Activity
Copy exactly the lines of the data below, beginning with the line with "bet365 china对于" and ending with the line with "深圳市成大旺科技有限公司 專利浮床 電鍍線整修". Pictures are to be omitted.

Supplied data

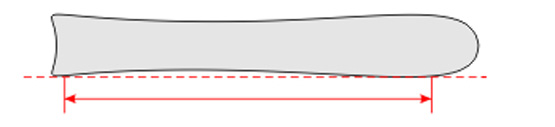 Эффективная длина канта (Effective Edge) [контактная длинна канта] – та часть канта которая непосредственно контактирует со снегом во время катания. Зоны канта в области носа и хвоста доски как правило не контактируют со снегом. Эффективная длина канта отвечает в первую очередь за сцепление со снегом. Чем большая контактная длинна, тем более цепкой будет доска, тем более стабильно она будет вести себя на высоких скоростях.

==

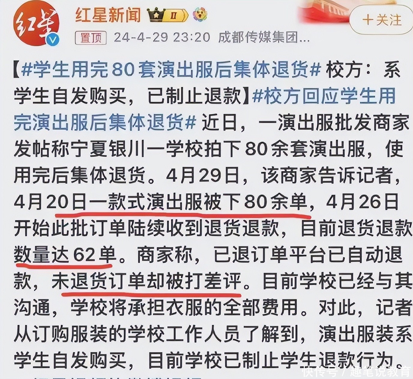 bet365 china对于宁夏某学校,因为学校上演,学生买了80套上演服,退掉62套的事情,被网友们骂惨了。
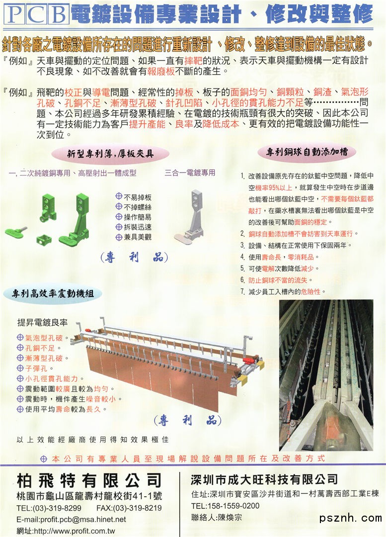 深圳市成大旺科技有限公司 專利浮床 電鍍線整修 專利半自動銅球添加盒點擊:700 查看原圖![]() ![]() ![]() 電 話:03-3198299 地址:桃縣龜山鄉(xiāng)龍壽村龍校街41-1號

==

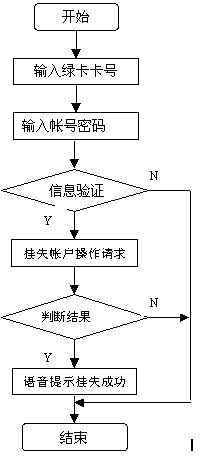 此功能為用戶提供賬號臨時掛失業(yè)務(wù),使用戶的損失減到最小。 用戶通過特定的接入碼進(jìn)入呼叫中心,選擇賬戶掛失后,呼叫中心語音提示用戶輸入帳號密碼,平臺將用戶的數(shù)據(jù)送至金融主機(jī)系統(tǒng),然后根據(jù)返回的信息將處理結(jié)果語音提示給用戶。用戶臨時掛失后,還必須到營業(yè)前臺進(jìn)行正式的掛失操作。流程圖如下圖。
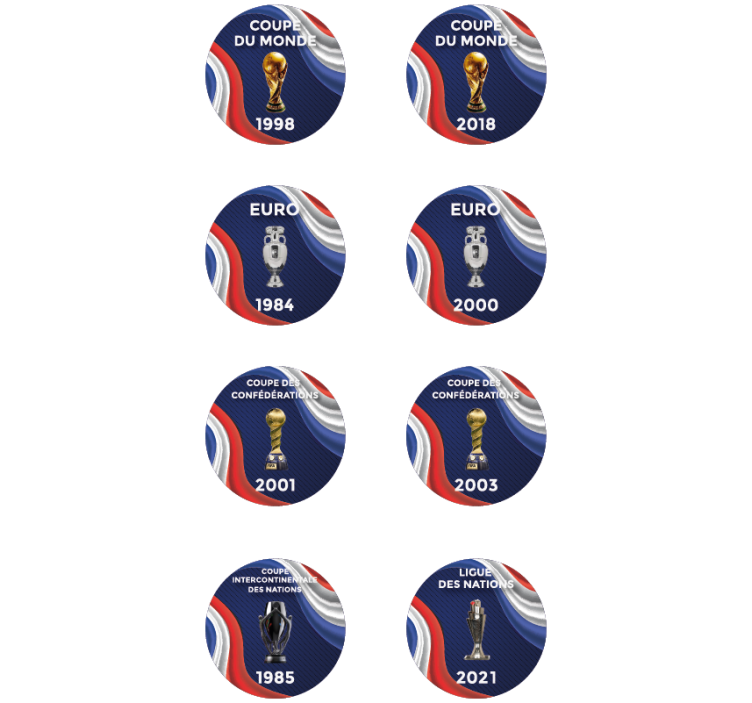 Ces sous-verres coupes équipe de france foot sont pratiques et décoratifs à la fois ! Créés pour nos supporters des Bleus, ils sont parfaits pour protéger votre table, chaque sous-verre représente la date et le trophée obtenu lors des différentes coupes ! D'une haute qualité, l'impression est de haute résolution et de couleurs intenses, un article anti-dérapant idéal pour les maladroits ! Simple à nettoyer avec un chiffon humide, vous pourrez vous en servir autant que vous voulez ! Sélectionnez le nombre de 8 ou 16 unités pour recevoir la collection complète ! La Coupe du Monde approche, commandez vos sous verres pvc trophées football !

Result below
 bet365 china对于宁夏某学校,因为学校上演,学生买了80套上演服,退掉62套的事情,被网友们骂惨了。
 深圳市成大旺科技有限公司 專利浮床 電鍍線整修 專利半自動銅球添加盒點擊:700 查看原圖![]() ![]() ![]() 電 話:03-3198299 地址:桃縣龜山鄉(xiāng)龍壽村龍校街41-1號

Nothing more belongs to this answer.